Of course there’s a logical explanation for all of this. According to Bowmore, Bàn’s brother later told him: ‘Lachlan, I passed last Friday night during that dreadful storm.
‘The wind had forced your door open and blown out the fire. I brought a bottle of Bowmore to share with you, but I couldn't wait long, so I took a quick dram and rode for home with my cloak pulled tight over my head to keep out the rain.’
Once Bàn heard this, he was – perhaps understandably – too embarrassed to tell the islanders the truth. So, even now, a true Ileach (native of Islay) will always open a fresh bottle for guests.
Glenmorangie, The White Lady and wallpaper
Glenmorangie’s ghost seems to have a penchant for interior design – and impressive DIY skills. The White Lady, as she is known, used to do most of her haunting around the distillery’s (now decommissioned) floor maltings, but is also said to have removed whole sheets of wallpaper without even causing a tear.
As then distillery manager Graham Eunson told Kindred Spirits magazine in 2005: ‘We could have understood it if the walls had been damp, but they were bone-dry. No-one could explain it, which inevitably led to talk of the White Lady having been at work.’
But there may be an altogether more prosaic explanation for the ghostly goings-on: night shifts.
‘Back in the days when Glenmorangie had its floor maltings site, the shovellers were expected to work around the clock,’ recalled Eunson. ‘Given that one sleepy shoveller could ruin the next day’s mash, it’s possible the threat of an imminent apparition was all that was needed to keep the night shift awake…’
Glen Scotia scares
We continue our ghost hunt in Campbeltown at the Glen Scotia distillery. On the night before Christmas Eve 1930, local industrialist and distillery owner Duncan MacCallum died in what today’s distillery manager Iain McAlister calls ‘mysterious circumstances’.
The story goes that he drowned himself in Crosshill Loch, the distillery’s water supply. According to Berry Bros & Rudd, McCallum was moved to taking his own life by losing a fortune in a crooked business deal.

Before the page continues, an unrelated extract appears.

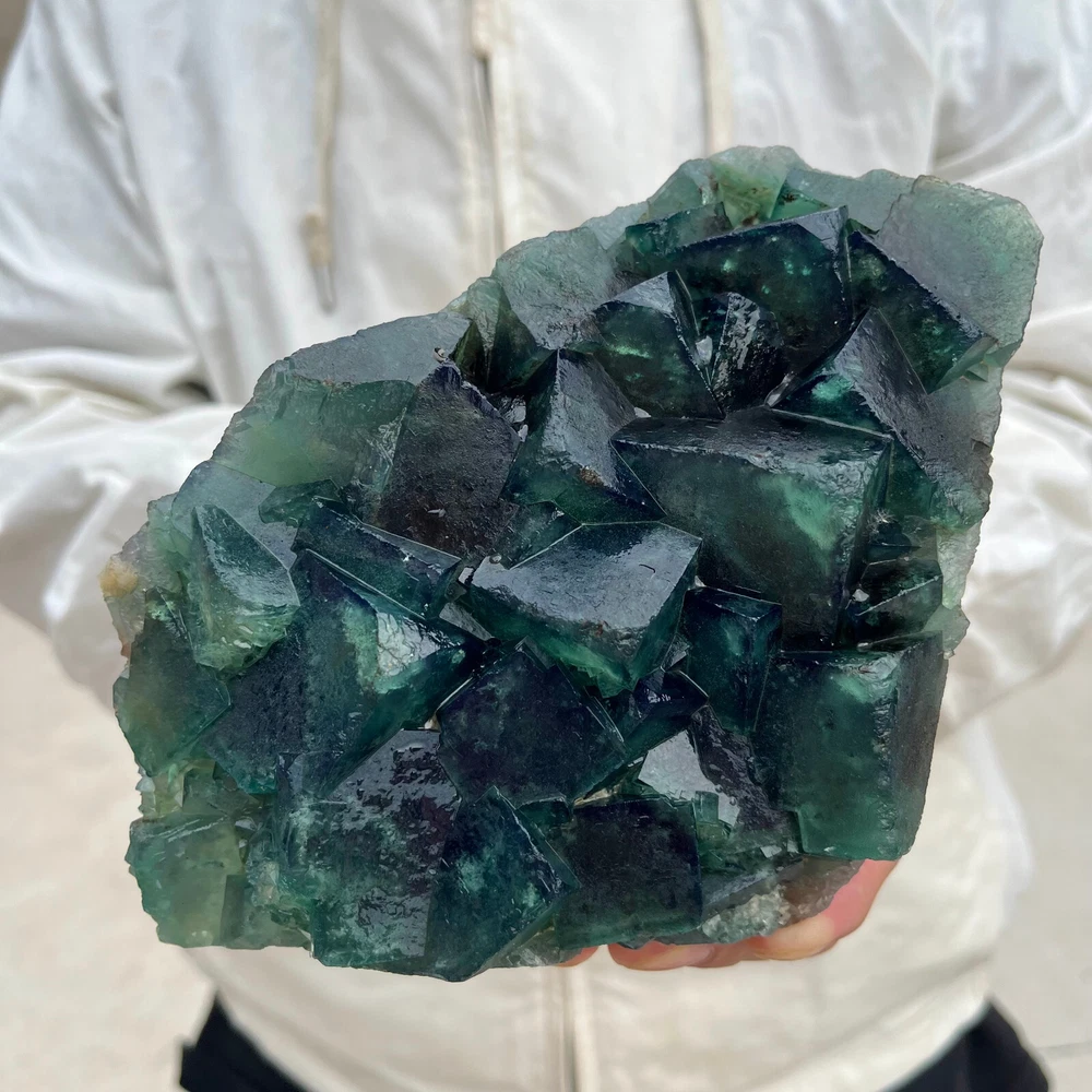 2.8LB Natural Green Fluorite Cube Quartz Crystal Cluster Mineral Specimen

Whatever the truth of the matter, his ghost remains at the distillery to this day – meaning that many employees won’t venture into certain areas after dark.
Apparently, MacCallum’s spectre keeps an especially close eye on contractors, who have reported the sensation of being watched by a ghostly presence. Perhaps he wants to ensure that no more business deals turn sour...
GlenDronach’s Sherried Spanish spectre
We close our spooky Scotch odyssey with a visit to GlenDronach in the Highlands, best-known for its Sherried whiskies. Workers at the distillery got more than they bargained for when they unloaded some casks brought over from Spain... none other than the distillery’s ghost, known as The Spanish Lady.
The spooky señorita is said to have arrived (in an oloroso cask) at one of the distillery’s traditional dunnage warehouses. But, according to the folks at GlenDronach, the transition from Spanish sun to the cold and damp of Aberdeenshire was not a happy one: she was desperately lonely there and found an underground tunnel that led to nearby Glen House, where she found ‘peace, comfort and lots of human spirits to keep her company’.
Very sensibly, The Spanish Lady chose to haunt the bedroom named GlenDronach – and many guests have since seen her or felt her presence… especially late at night, after a few drams.